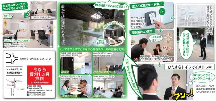 日本では聞き慣れたレンタルオフィスですが、タイにも同様のビジネスがあります。今回訪れたSOHOは、コンパクトでパーソナルなオフィスが確保でき、便利な共有スペースも完備。スタートアップに最適です。
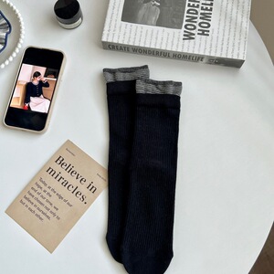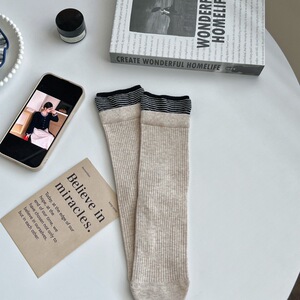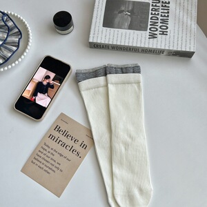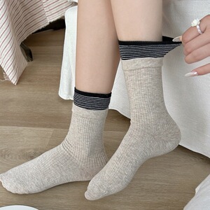 无骨袜子女士秋冬季新品日系撞色条纹中筒袜百搭双罗口纯棉堆堆袜
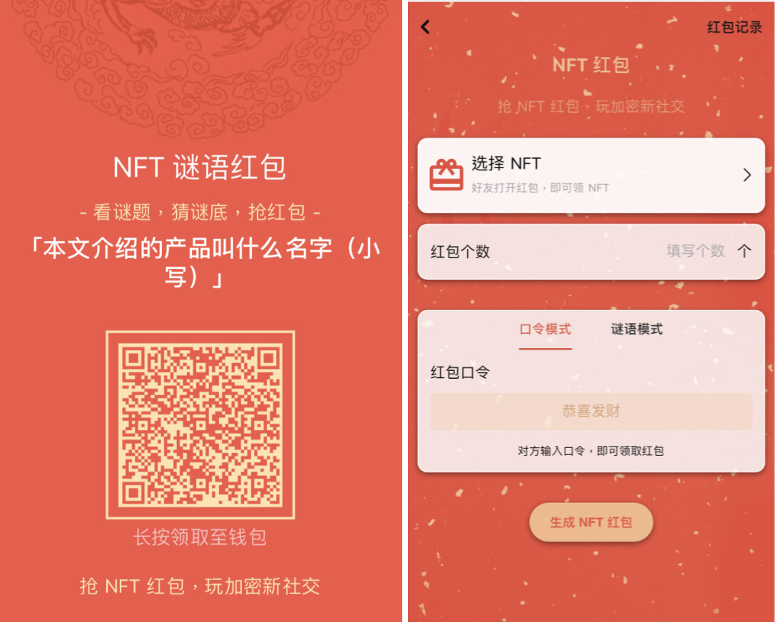 Unipass 还有一个红包的功能,可以让任何人拿走你的加密货币资产,还可以用口令以及谜语红包,红包中的资产目前有 NFT ,甚至未来还能 Fungible Token 。
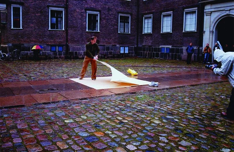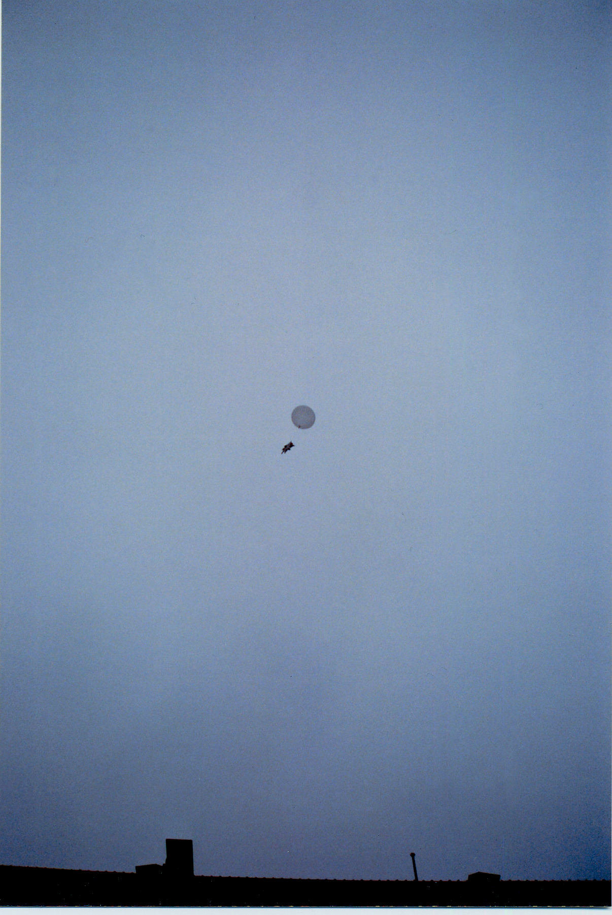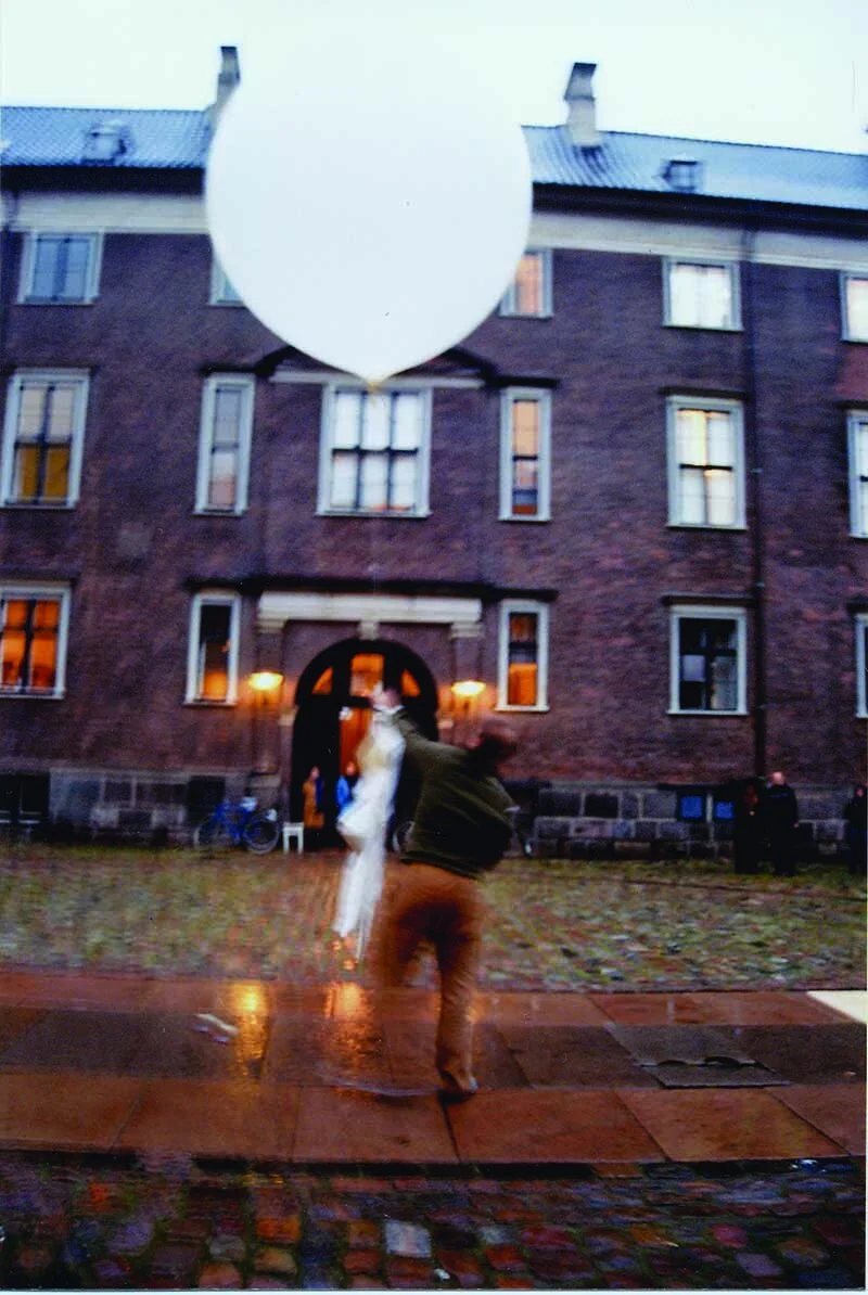 30 min performance for the opening of From dust to dusk, 2 x 2 m white paper, white rubber balloon, helium, and a white string, The yard of The Royal Danish Art academy next to Charlottenborg Exhibition Hall, Copenhagen, October 2003
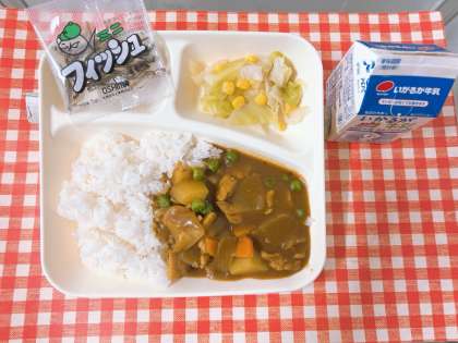 【チキンカレーライス、キャベツとコーンのサラダ、ミニフィッシュ、牛乳】

What the exercise asks: The copy should start at the line that contains "无骨袜子女士秋冬季新品日系撞色条纹中筒袜百搭双罗口纯棉堆堆袜", end at the last line of the entries above, and match each line exactly, with pictures dropped.

Output:
 无骨袜子女士秋冬季新品日系撞色条纹中筒袜百搭双罗口纯棉堆堆袜
 Unipass 还有一个红包的功能,可以让任何人拿走你的加密货币资产,还可以用口令以及谜语红包,红包中的资产目前有 NFT ,甚至未来还能 Fungible Token 。
 30 min performance for the opening of From dust to dusk, 2 x 2 m white paper, white rubber balloon, helium, and a white string, The yard of The Royal Danish Art academy next to Charlottenborg Exhibition Hall, Copenhagen, October 2003
 【チキンカレーライス、キャベツとコーンのサラダ、ミニフィッシュ、牛乳】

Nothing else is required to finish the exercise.